Thomas pauses, his voice failing him; plants a finger onto the newspaper page, onto the crucified children, the burning embers of Cambridge.
“It moved like a blade. There were no witnesses to its passage; just the dead. People who saw it from afar soon had a name for it: the Black Storm. We did not know if there was one or many.
“For the longest time, I thought the Storm and the Second Smoke were the same thing, two sides of the self-same coin. After all, some outbreaks of Second Smoke were rather dark, feeding on pain embedded in the land or finding dark Smokers. Ugly things happen in such ‘Gales’; impossible things, animal truths that afterwards one is ashamed to name.
“Only the Black Storm did not feed on the land, it scorched it. And its evil was pure: a distillation of hate. I told myself that Julius must have caused it: that his body—the body of the boy I had killed with my own fists—had turned into a wraith. That he was stalking the land. Taking revenge.”
“You blamed yourself.” Singh seems surprised by this thought, envious almost. It is as though he thinks guilt an emotion whose luxury one may sample only after one’s battles have been won. “But now you think it wasn’t Julius. That the cause was something else. Something new. An import, from overseas.”
“I don’t know, Mr. Singh. I have come all the way to India just to answer that question.”
[ 4 ]
They sit in silence for a moment. Then Mr. Singh gets up abruptly, disappears into the living room, and returns with a bottle of Scotch and, somewhat quaintly, a box of digestive biscuits that he presents with great ceremony. Soon they sit, whisky in teacups, savouring the ancient biscuits, despite the mouldy dampness that clings to them.
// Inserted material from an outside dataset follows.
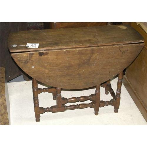 1 WILLIAM & MARY STYLE DROP LEAF TABLE 42" long 19th century PACKING AND SHIPPING must be handled by 3rd party shipper. CONDITION REPORT: stains, scratches, splits.
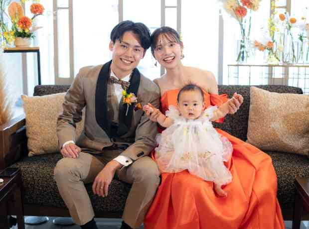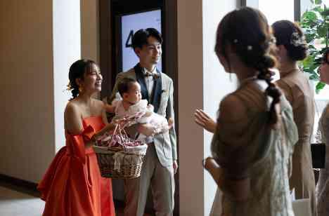 披露宴の結びにはプチギフトを手にしたお見送りのひととき。 新郎様は娘様を優しく抱き上げ、そのぬくもりを胸にひとりひとりのゲストへの感謝の想いを丁寧に伝えていきます。 小さな存在がそっと寄り添うその姿は、ご家族として歩み始めたおふたりの未来を象徴するかのよう。 その場全体が優しい空気に包まれ、心に余韻を残す、あたたかなフィナーレとなりました。

“So what do you think it was,” asks Mr. Singh, “this mysterious colonial import that you are chasing?” His tone is light, but Thomas can see that his interest has shifted, grown personal.
“I had a theory. You see, back in the time of the First Smoke there was a lot of money in sin. Cigarettes—you may have heard of them. The rulers of Britain had grown so good at being free of affect that they had to ingest other people’s passions for a taste of fun. Cigarettes were based on very dark Soot, harvested in the most infernal places. Prisons, madhouses, execution yards. I came to think that maybe someone had set up a factory somewhere. A place where chance harvest was replaced by active creation.”